The Tax Cuts and Jobs Act proposes the most significant changes in US tax law in more than three decades.
The 'Act' at this point is only two bills: the House bill was approved by the House and the Senate bill was approved by the Senate. A conference committee will need to reconcile them.
While the language and provisions of the final bill are not certain at this time, we thought it would be helpful to discuss some of the financing provisions that can affect inbound planning.
Interest deductions of a US corporation would generally be limited to 30% of the taxpayer's adjusted taxable income plus any business interest income under amended § 163(j) rules. The 30% interest deduction cap applies to all interest deductions, not just related-party interest.
Under new § 163(n) in the Tax Cuts and Jobs Act, a US corporation's interest deduction relative to the worldwide group's interest deduction could be no greater than 110% of the US corporation's earnings before interest, taxes, depreciation, and amortisation (EBITDA) relative to the worldwide group's EBITDA. In other words, a US corporation's interest deductions would generally be restricted if it were more highly leveraged relative to the rest of the worldwide group. The EBITDA of US corporations includes the EBITDA of any disregarded entities, but generally does not include any distributions received from foreign subsidiaries.

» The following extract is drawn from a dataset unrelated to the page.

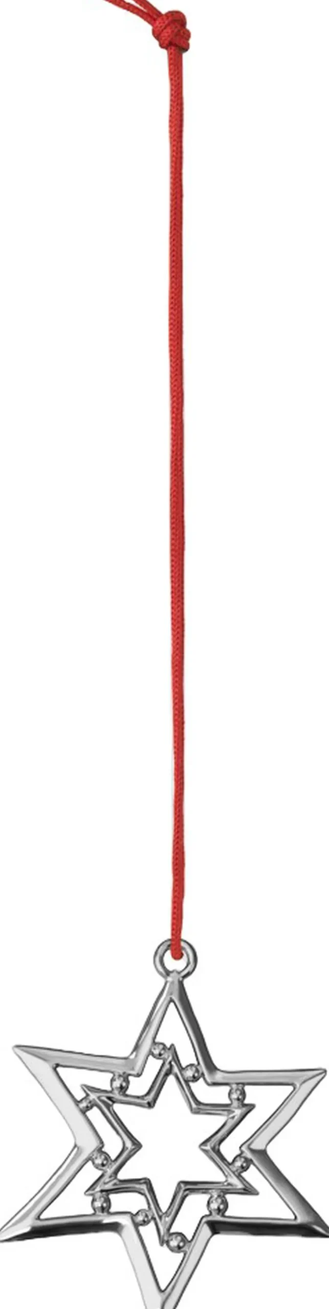 Klassisk julepynt med kunstnerisk kant. Rosendahls Karen Blixens Jul er for mange indbegrebet af den hyggelige og traditionelle jul fuld af historie og julesymbolik, der får juleglæden til at holde helt indtil juleaften. Ole Kortzau lavede sin første Karen Blixen-julepynt tilbage i 2007. Og hvert år kommer der nye ophæng til i den særlige håndlavede kvalitet skabt med omhyggelighed og øje for detaljen i en sådan grad, at hvert enkelt ophæng fremstår som et lille kunstværk i sig selv, belagt med ægte sølv og guld. 2025-kollektionen indeholder blandt andet denne forsølvede trillende stjerne, der yndigt og svævende tilføjer den magi til december, der gør juletiden til noget helt særligt. Den trillende stjerne er inspireret af den legendariske julehistorie om de vise mænd, der fulgte ledestjernen fra Østerland til Jesus i Betlehem et ikonisk symbol på julen og højtidens smukke stjernestunder. Ophænget måler 8 cm i højden og fungerer både alene og sammen med de andre små ophæng i serien perfekt som både vinduespynt og på juletræet. Motiverne i Karen Blixens Jul er ofte en kærlighedserklæring til børnenes perspektiv på julen. Men selvom Ole Kortzaus julehistorier tager udgangspunkt i virkeligheden, så er de ikke virkeligheden. Derfor er der også altid lige puffet lidt til motiverne. De er altid lidt skæve, lidt underfundige. Ole Kortzau vil have os til stoppe op, tage en pause og nyde de særlige øjeblikke og opdage alle de klassiske karakterer på en anden måde. Dette juleophæng leveres med en fin rød snor.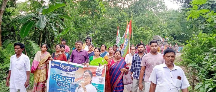আবার কেউ ভাবছেন, “নেতাদের মাথা খারাপ নাকি?” এই ঘটনায় শাসকদলের অস্বস্তি বাড়লেও, বাংলার রাজনীতিতে বিনোদন কিন্তু তুঙ্গে! এই স্লোগান উঠলো তৃণমূলের ২১ শে জুলাইয়ের শহীদ সভা সফলে আয়োজিত মিছিলে। এই মিছিলের আয়োজন হয় পূর্ব মেদিনীপুর জেলার পটাশপুর এক ব্লকের গোপালপুর গ্রাম পঞ্চায়েতের পাথরঘাটা এলাকায়। গোপালপুর অঞ্চল তৃণমূল কংগ্রেসের উদ্দোগে এই মিছিলের আয়োজন হয়। এই মিছিলে উপস্থিত ছিলেন পটাশপুর এক ব্লক তৃণমূল কংগ্রেসের সভাপতি বিনয় পট্টনায়ক, পঞ্চায়েত সমিতির সভাপতি নমিতা বেরা, গোপালপুর অঞ্চল তৃণমূল কংগ্রেসের সভাপতি মোহন মন্ডল ও গ্রাম পঞ্চায়েতের প্রধান সহ অন্যান্য নেতৃত্বরা।

The Senate proposal reduces interest deduction to the product of the net interest expense multiplied by the debt-to-equity differential percentage of the worldwide affiliated group. The asset amounts taken into account in the equity calculation are based on the assets' adjusted bases.

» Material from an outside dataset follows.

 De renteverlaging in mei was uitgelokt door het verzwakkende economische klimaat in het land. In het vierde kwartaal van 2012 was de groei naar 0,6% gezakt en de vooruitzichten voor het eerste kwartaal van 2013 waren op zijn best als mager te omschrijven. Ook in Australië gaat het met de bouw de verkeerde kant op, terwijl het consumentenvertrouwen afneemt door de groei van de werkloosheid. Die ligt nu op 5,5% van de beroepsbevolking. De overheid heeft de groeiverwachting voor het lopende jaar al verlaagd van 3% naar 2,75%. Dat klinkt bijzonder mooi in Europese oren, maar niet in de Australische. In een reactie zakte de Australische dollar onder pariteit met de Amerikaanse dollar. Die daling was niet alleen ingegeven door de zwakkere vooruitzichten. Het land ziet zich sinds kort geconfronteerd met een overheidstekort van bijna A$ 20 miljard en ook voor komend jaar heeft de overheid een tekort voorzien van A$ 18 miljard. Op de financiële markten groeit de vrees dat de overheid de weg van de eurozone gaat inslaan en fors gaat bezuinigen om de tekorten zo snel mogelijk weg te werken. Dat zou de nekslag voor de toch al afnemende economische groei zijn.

Section 163(n) would apply to corporations that file consolidated financial statements that include at least one US corporation, one foreign corporation, and report annual gross receipts in excess of $100 million.

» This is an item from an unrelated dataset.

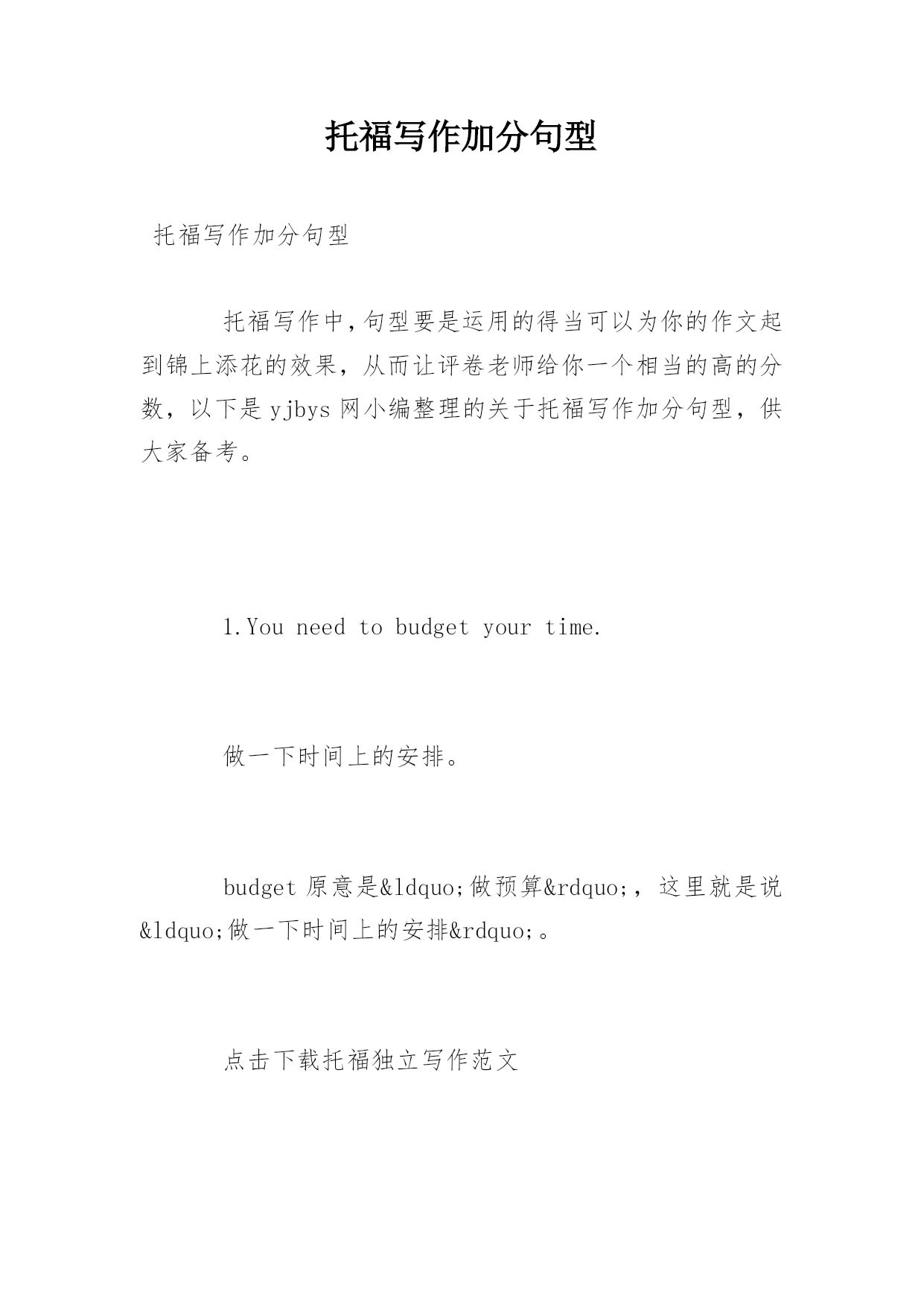 托福写作加分句型托福写作加分句型托福写作中,句型要是运用的得当可以为你的作文起到锦上添花的效果,从而让评卷老师给你一个相当的高的分数,以下是yjbys网小编整理的关于托福写作加分句型,供大家备考。1.Youneedtobudgetyourtime.做一下时间上的安排。budget原意是“做预算”,这里就是说“做一下时间上的安排”。点击下载托福独立写作范文2.Putasidesometimeforpingpong.预留一些时间。putaside原先和money

When both the new § 163(j) and the new § 163(n) interest limitations apply, the one that results in the greater disallowance would take precedence.
The Senate proposal also would require "applicable taxpayers" to pay a minimum tax of 10% of "modified taxable income", i.e. taxable income computed without deducting "base erosion payments" or the "base erosion percentage" of net operating loss carryovers. An applicable taxpayer would mean a taxpayer with at least $500 million of annual average gross receipts and a base erosion percentage of at least 4%.
A base erosion payment would mean any amount that is paid or accrued to a related foreign person (with "relatedness" broadly defined) and for which a deduction is allowable (interest, royalties, services, etc.), including any amount paid or accrued in connection with depreciable or amortisable property.
The House bill's version of this provision is an excise tax on such payments, which seems less likely to be enacted.
The new § 267A provides that no deduction is allowed for amounts paid or accrued to a related party in hybrid transactions or with hybrid entities.
In another change, Grecian Magnesite Mining v. Commissioner, 149 T.C. No. 3 (2017), would be overturned prospectively by a statutory change. It dealt with a foreign partner's sale of its partnership interest in a partnership that is engaged in a US business. It would be enforced by subjecting the buyer to a withholding tax.